Brewster's plan notes wryly that Pennsylvania is the only one of the top 15 natural-gas producing states that doesn't have an extraction tax.

Since Pennsylvania currently imports 75 percent of the natural gas it uses, state residents are effectively paying the tax already to 14 other states, the plan says, suggesting "this makes no sense."

Under the Brewster plan, about $80 million of the money collected from a natural-gas extraction tax would be divvied up among Pennsylvania's local governments, with shares based on their population size.

. . .

Also to be divvied up among boroughs, townships and cities would be any royalties collected by the state for allowing gas companies to drill on state-owned property, such as game lands and forests.

Nearly 700,000 acres of the state's 2.1 million acres of forest land are already being leased to drillers. The state is asking drillers to pay $2,000 per acre for drilling rights, plus royalties of 18 percent on the volume of the gas extracted.

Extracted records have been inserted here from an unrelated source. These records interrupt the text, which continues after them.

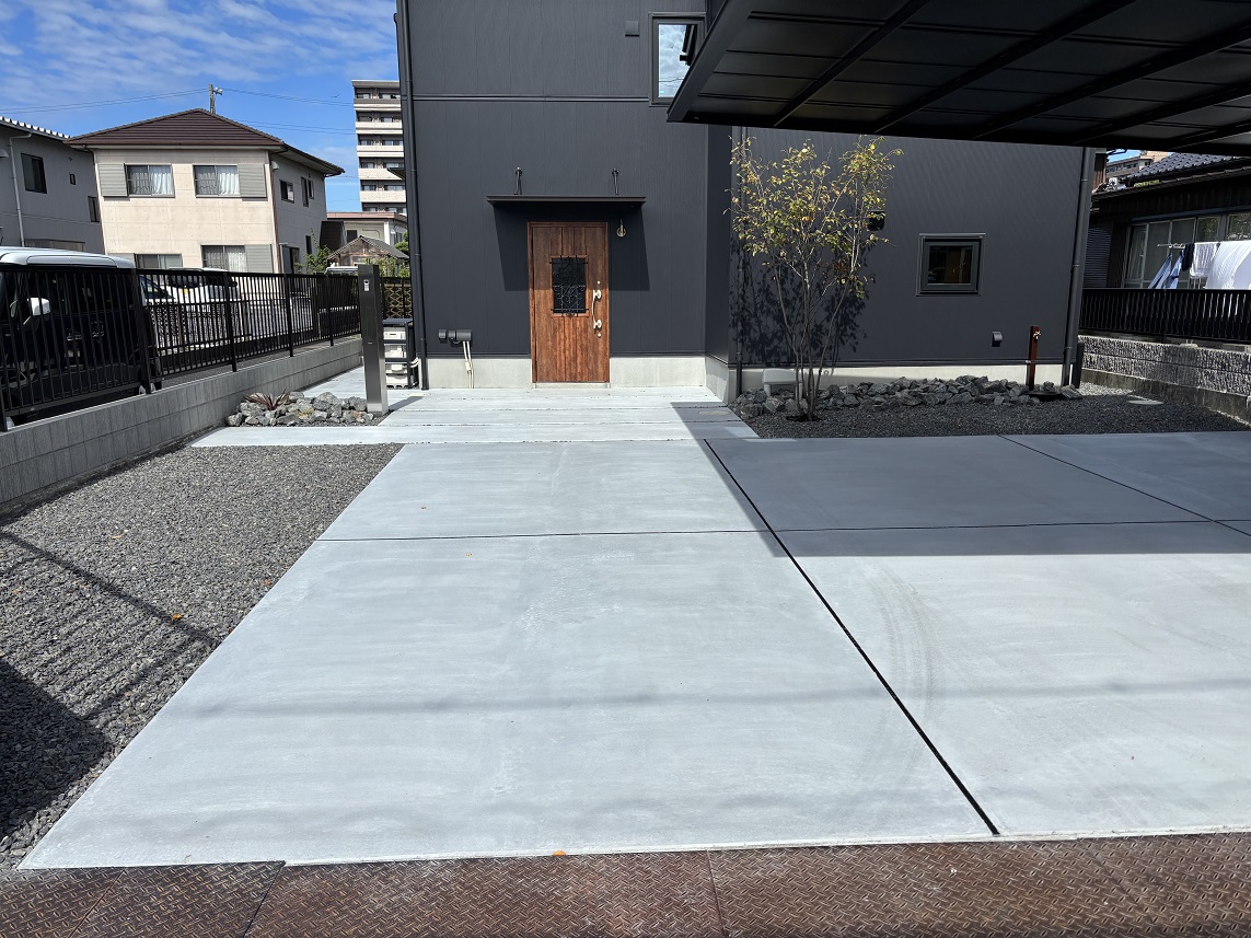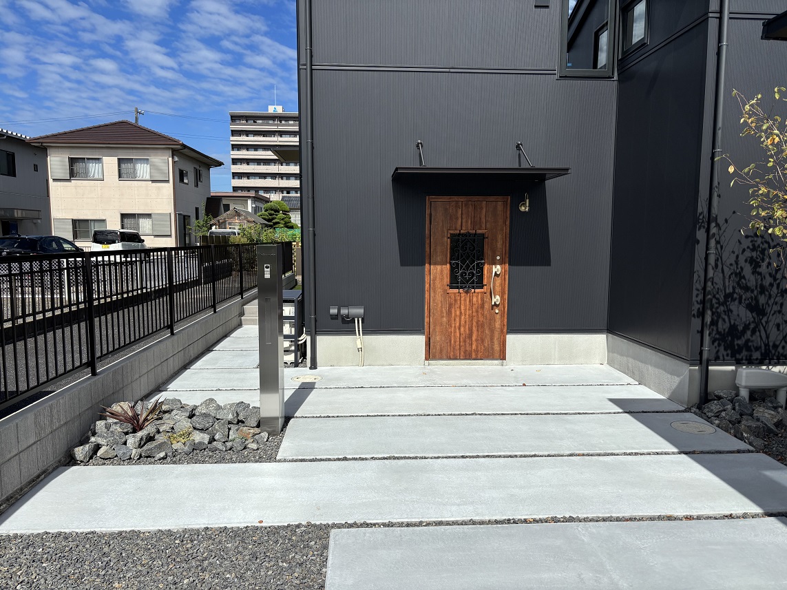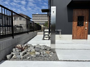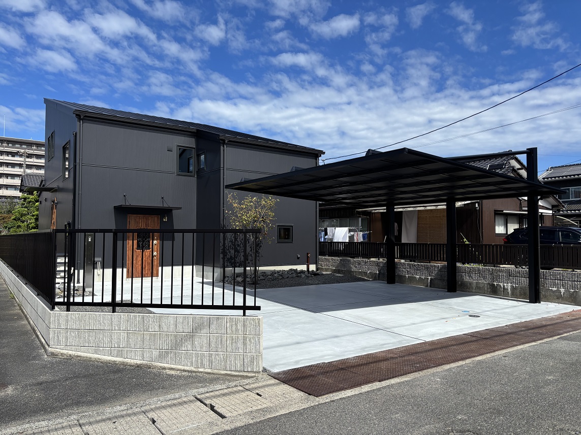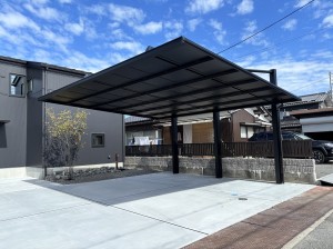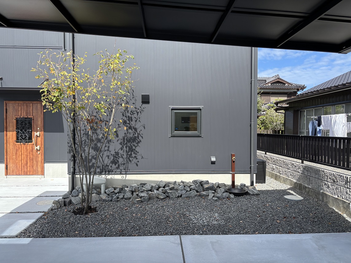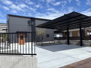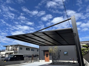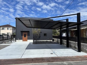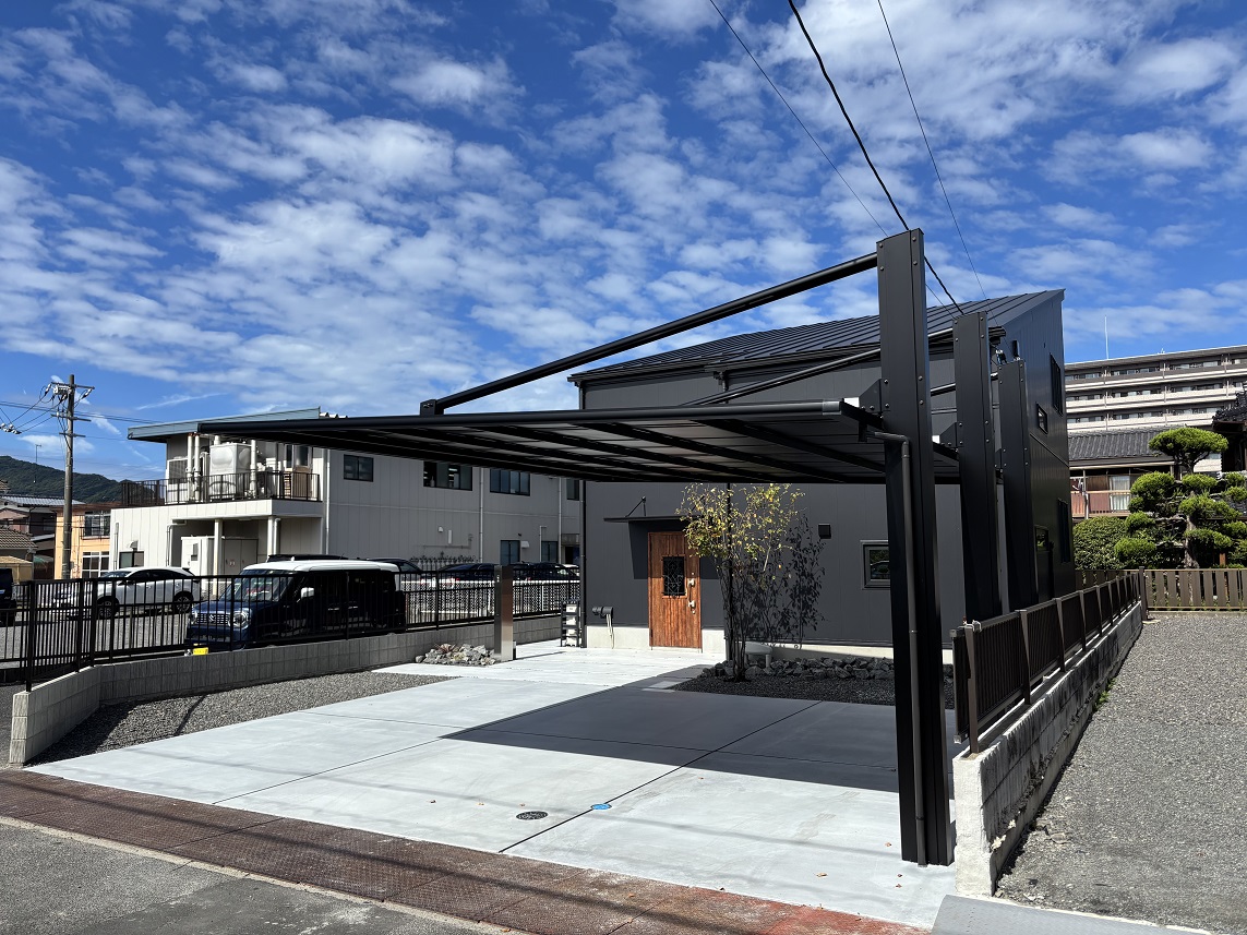 山口県下松市瑞穂町・M様邸 カーポートには三協立山アルミ『ダブルフェース』ブラックポリカーボネート仕様を取り付けています、 表札・ポスト・インターホンが一体となった機能門柱にシンボルツリーとしてジューンベリーを植え込みしています。
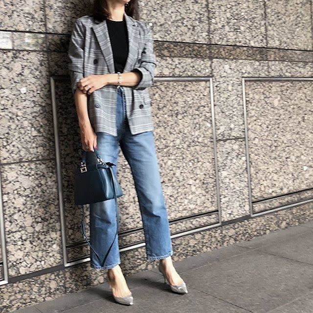 デニムのカラーやシルエットが決まれば、あとは「きちんと感」のあるトップスや小物でオフィスシフトにチェンジ!
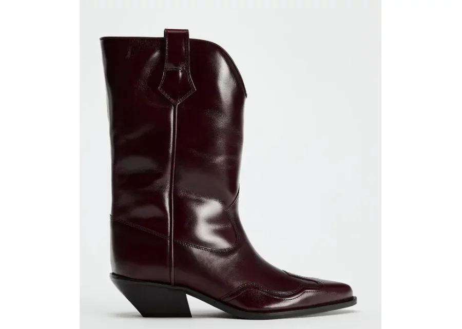 La bota cowboy en burdeos no solo sigue el estilo del viejo oeste, sino que incorpora un aire sofisticado y único, gracias a su tono vibrante pero sobrio. Es ideal para combinar con vestidos de tejidos ligeros en tonos neutros, o incluso con pantalones oscuros para darle un toque de contraste. Con esta opción, Zara demuestra que sabe cómo reinventar el clásico estilo cowboy y adaptarlo a las tendencias actuales.
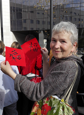 中國(guó)民間傳統(tǒng)工藝剪紙?bào)w驗(yàn)中,體驗(yàn)者疊紙、畫字型,然后親自剪出“喜”字和“春”字,并在字邊用花章蓋出不同的花樣;書法體驗(yàn)桌旁,參與者學(xué)習(xí)了漢字的基本筆畫,然后寫出自己的心愿,一幅幅“愛”“?!薄昂推健钡戎袊?guó)漢字躍然紙上;古老的中國(guó)結(jié)體驗(yàn)區(qū)也吸引許多參觀者圍觀,他們分別學(xué)會(huì)了編雙線結(jié)、紐扣結(jié)、盤長(zhǎng)結(jié),對(duì)中國(guó)結(jié)藝術(shù)表現(xiàn)出濃厚的興趣。
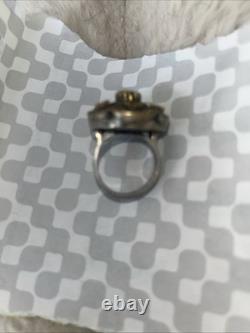 Antique Vintage Large 925 Sterling Silver Ring with Natural Rubies and CZ
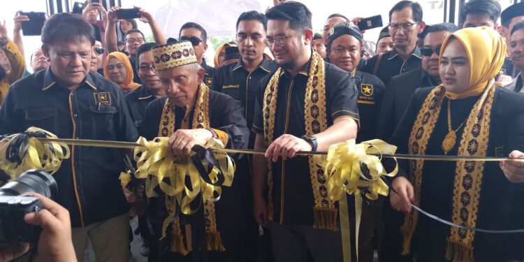 Tulangbawang-Ketua Majelis Syuro DPP PU Prof. Dr. Amien Rasis didampingi Ketua Umum DPP DR. Ridho Rahmadi meresmikan langsung gedung DPD Partai Ummat Tulangbawang yang berada di Jalan Lintas Timur, Kecamatan Menggala, Rabu (15/11/2023).
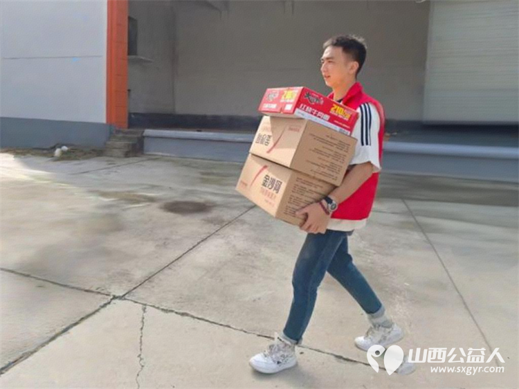 志愿者在户外搬运整理物资
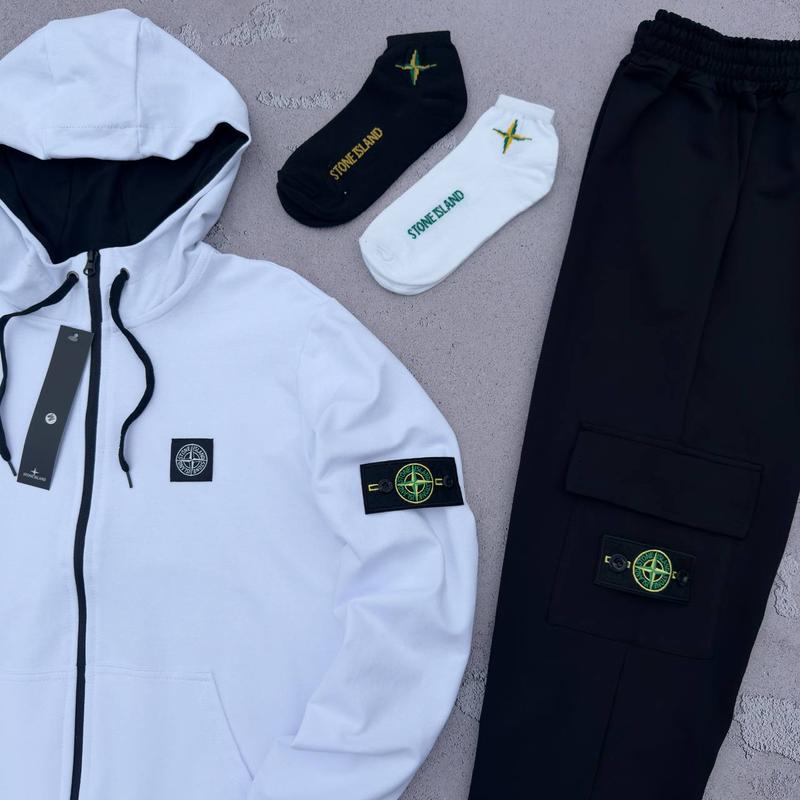 Костюм STONE ISLAND соп худи и штаны 2 пары носков в подарок Материал Турецкая двухнить бавовна 95%, 5% еластану Цвет: черный, белый, мята кофта, штаны черные Модель: унисекс Сезон: весна/лето/осень Размер: XS, S, M, L, XL, XXL, XXXL
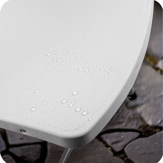 Moldovaný PE odolává vodě, UV záření i skvrnám. Stačí otřít a je připraveno k dalšímu použití – ideální pro venkovní sezení.

The state expects to collect $60 million in royalties from gas drilling during this fiscal year. Under Brewster's plan, $30 million of that would be divided amongst local communities.

. . .

The Brewster plan suggests that $15 million of the royalty pool be distributed equally to all of the 2,572 municipalities "as stakeholders in state-owned property."

Additional shares of the remaining $15 million would then be distributed to communities that:
  • Host natural-gas drilling facilities;

  • Are in Act 47 "distressed" status, including Pittsburgh, Braddock, Clairton, Duquesne, Rankin and 14 other municipalities;

  • Have under-funded municipal pension plans; and

  • Need tax relief because of non-profit, tax-exempt properties such as universities and hospitals.

. . .

Precedent for such a tax sharing arrangement exists already in the state's Liquid Fuels Fund. Each year, counties, boroughs, townships and cities receive shares of the state's taxes and franchise fees on oil and gasoline and use the money for road maintenance.

"We're not trying to reinvent the wheel," Gergely said. "We have to find ways to make this work. There does have to be revenue sharing, and everyone (in the legislature) should be in receipt" of Brewster's proposal.

In 2002, the U.S. Geological Survey estimated that 1.9 trillion cubic feet of natural gas is trapped in the Marcellus shale under Pennsylvania.

Combined with the state's proximity to major East Coast population centers, the state is poised for a "new gold rush" as "tens of thousands of wells" are drilled, Gergely said.

"It's a new natural resource that's never been tapped," he said. "We have to find ways to make this work."